Yesterday, asterisk* talks about comment spam and an easy fix to do it.
Reading the article gives quite a good insight on how those spammers work: They don’t seem to really request the page of your entry, but they only submit hardcoded values in some database.
This gets this seemingly simple trick to work. Inststead of reading the weblog page and submitting the real form, spammers still submit the hardcoded value, missing the additional form-element.
Unfortunately, this problem is easy to fix for the spammer: Just update the database with the new information form the forms. And I promise you: As soon as this hack gets more known (which is bound to happen soon as it’s so simple to impelement), they will update their scripts.
The logical next consequence would be to change this additional tag more often, leading to the spammers updating the index more often.
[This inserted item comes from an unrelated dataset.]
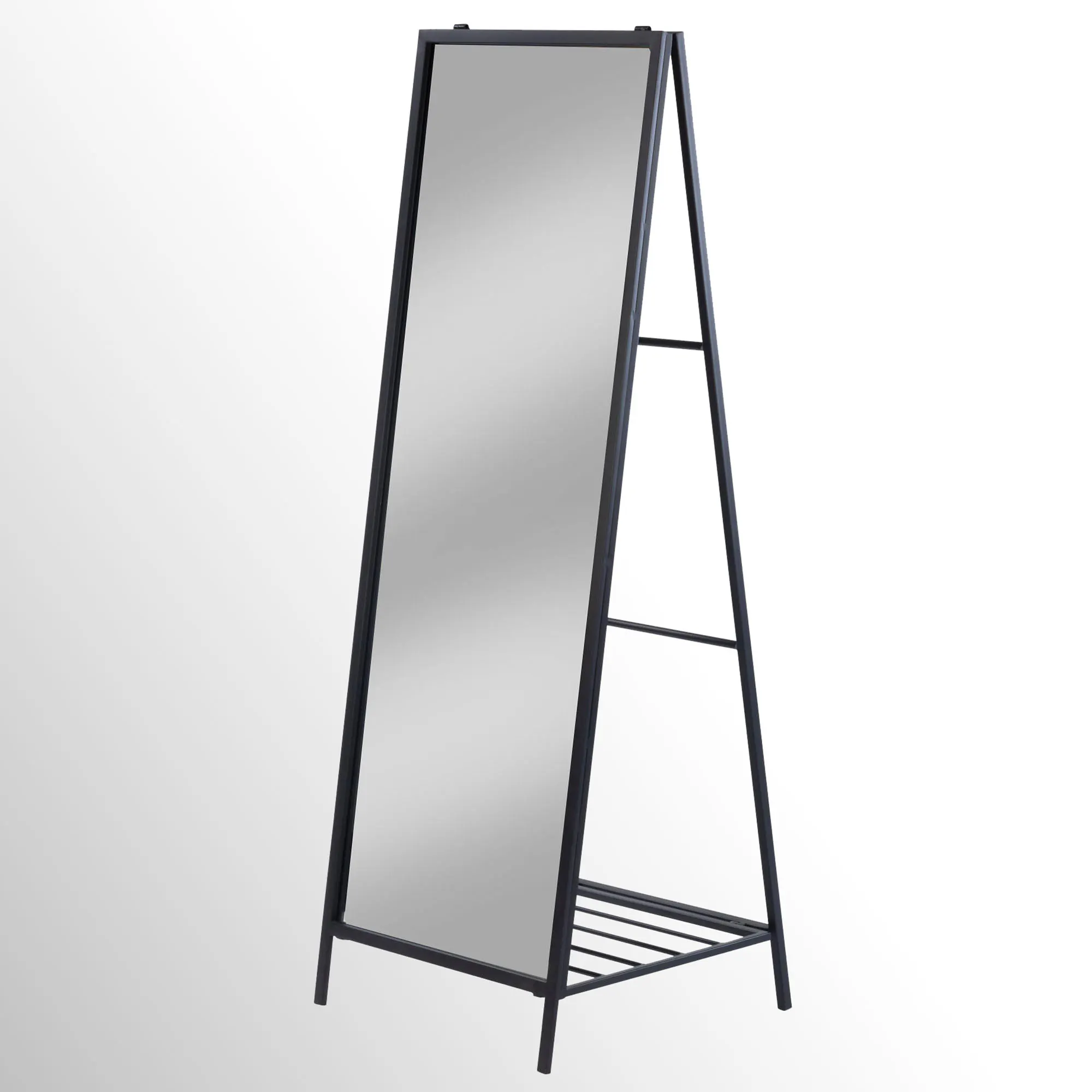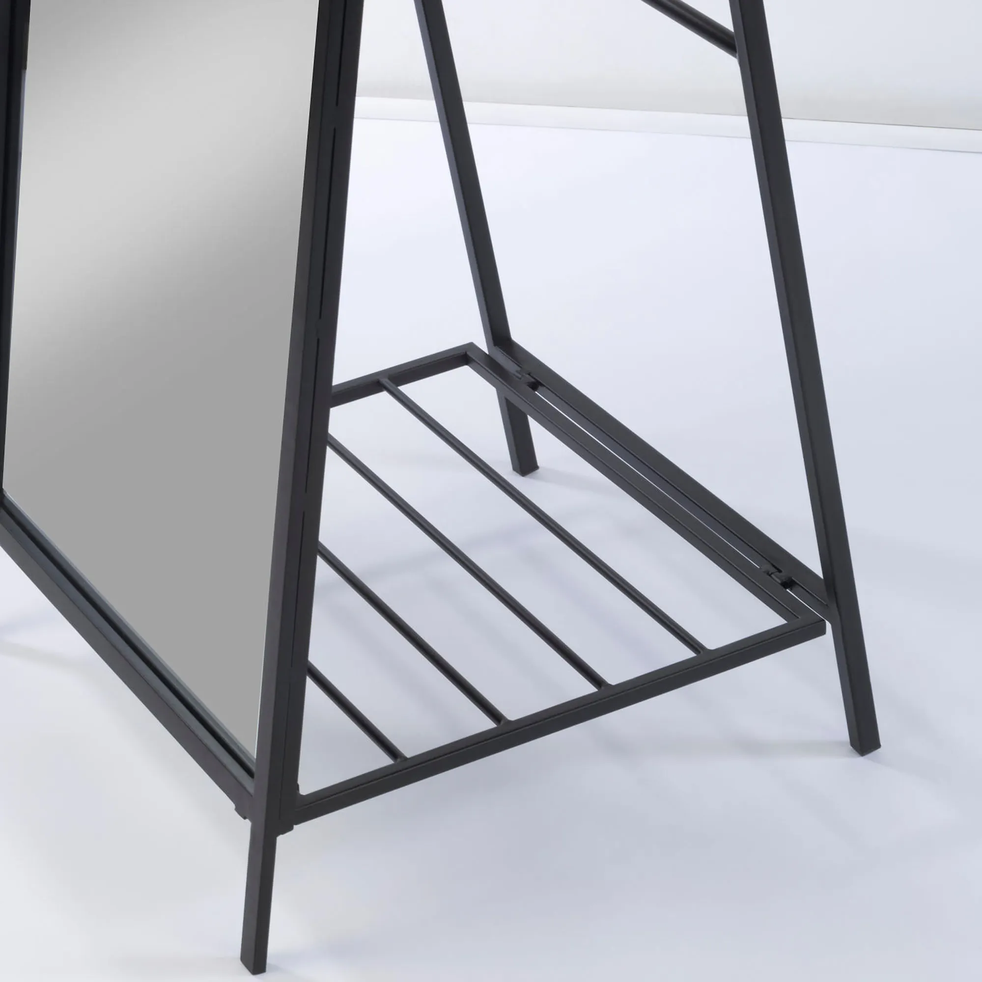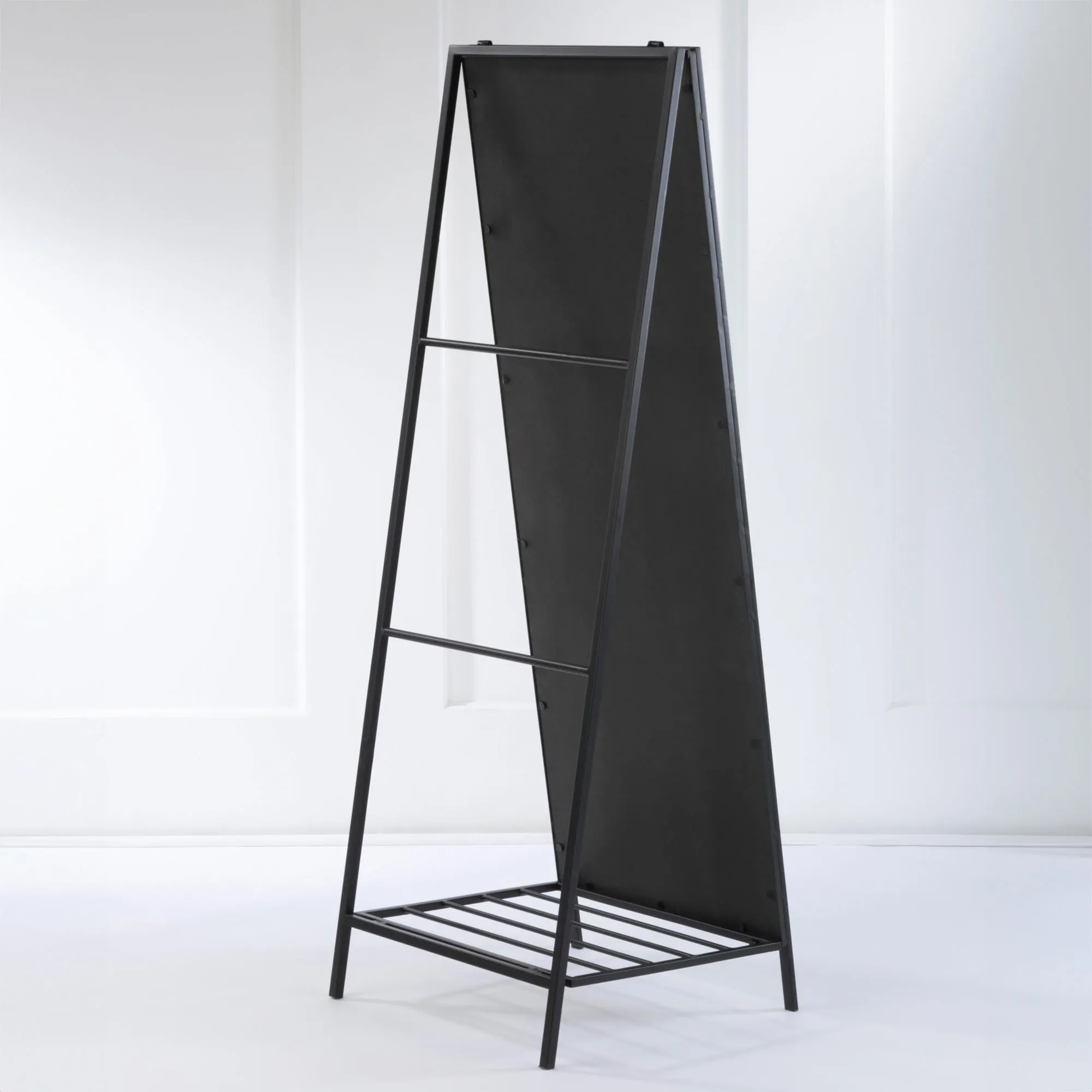 The full-length, rectangular Floor Mirror with Ladder Back decorates with modern style and functionality. Made of metal with a black powder-coat finish, this floor mirror has an easel back and two rods that are perfect to drape scarves, towels, or other accessories. It also has a small shelf at the bottom to hold shoes or small boxes. Measures 19"Wx19"Dx54.5"H; weighs 32 lbs.

The ultimate consequence would be a script generating some kind of random cookie which is different on every request. This in turn would lead the spammers to actually request the form before sumitting it.
I don’t think, I have to name the consequences of that: The spam will stay, but the bandwidth needed will increase greatly. Instead of just posting, the spammer will also request the whole page.
And the spammer will certainly do that on all weblogs. Regardless of whether they deploy this cookie or not.
So in the end, this “fix” just makes the whole thing worse for all us bloggers.
Sorry. No solution. Or ist it? Convince me otherwise!